Druga zapora uchroni przed katastrofą
Budowa tamy na Wiśle wraz z elektrownią wodną może przynieść wiele korzyści
Gdański koncern energetyczny Energa chce wybudować w Siarzewie zaporę na Wiśle wraz z elektrownią wodną. Spółka jest już właścicielem podobnej elektrowni we Włocławku, gdzie znajduje się też pierwszy stopień wodny.
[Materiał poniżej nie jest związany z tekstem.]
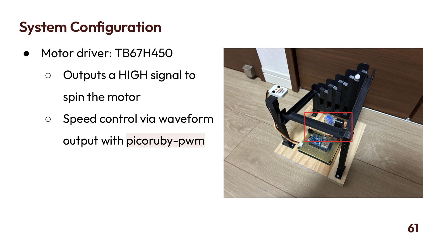 signal to spin the motor ◦ Speed control via waveform output with picoruby-pwm 61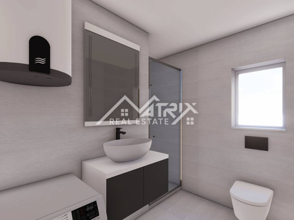 Construction and finishes are planned to a higher standard, with quality materials and equipment. Electric underfloor heating with thermostats is planned for the living room and bathroom, and an inverter air-conditioning unit is included for heating and cooling. First-class ceramic tiles and high-quality laminate flooring in the bedrooms are specified, with pre-sale buyers able to choose from several tile and laminate options. Security and fire-rated DIERRE entrance doors, modern interior doors with concealed hinges, multi-chamber PVC windows with a 5-year warranty, and electric roller shutters are planned. Bathrooms will feature high-quality fittings, including concealed cisterns.

Potrzeba wybudowania kolejnej tamy zrodziła się z konieczności ochrony tej pierwszej przed katastrofą. O tym, czy inwestycja jest potrzebna i jaka przyszłość stoi przed elektrowniami wodnymi w Polsce, rozmawiali podczas debaty „Rzeczpospolitej" przedstawiciele rządu, inwestor projektu i eksperci.
Najlepszy projekt
– Zapora we Włocławku działa już od 40 lat, a erozja dna poniżej zapory stwarza ryzyko wystąpienia katastrofy budowlanej. Brak stałego zabezpieczenia może doprowadzić do utraty stateczności zapory – ostrzegała Teresa Zań, dyrektor Departamentu Inwestycji i Nadzoru Krajowego Zarządu Gospodarki Wodnej.
Skutkiem załamania się tamy byłoby zalanie ogromnych obszarów. – Nie możemy do tego dopuścić, dlatego na bieżąco prowadzone są badania stanu technicznego i stanu bezpieczeństwa zapory. Prowadzone są remonty i doraźne zabezpieczenia, czego przykładem jest tymczasowy próg bezpośrednio poniżej zapory. Jednak jest to tylko doraźne rozwiązanie problemu. Konieczne jest natomiast wybudowanie stałej budowli, która wyeliminuje obecne...
Archiwum Rzeczpospolitej to wygodna wyszukiwarka archiwalnych tekstów opublikowanych na łamach dziennika od 1993 roku. Unikalne źródło wiedzy o Polsce i świecie, wzbogacone o perspektywę ekonomiczną i prawną.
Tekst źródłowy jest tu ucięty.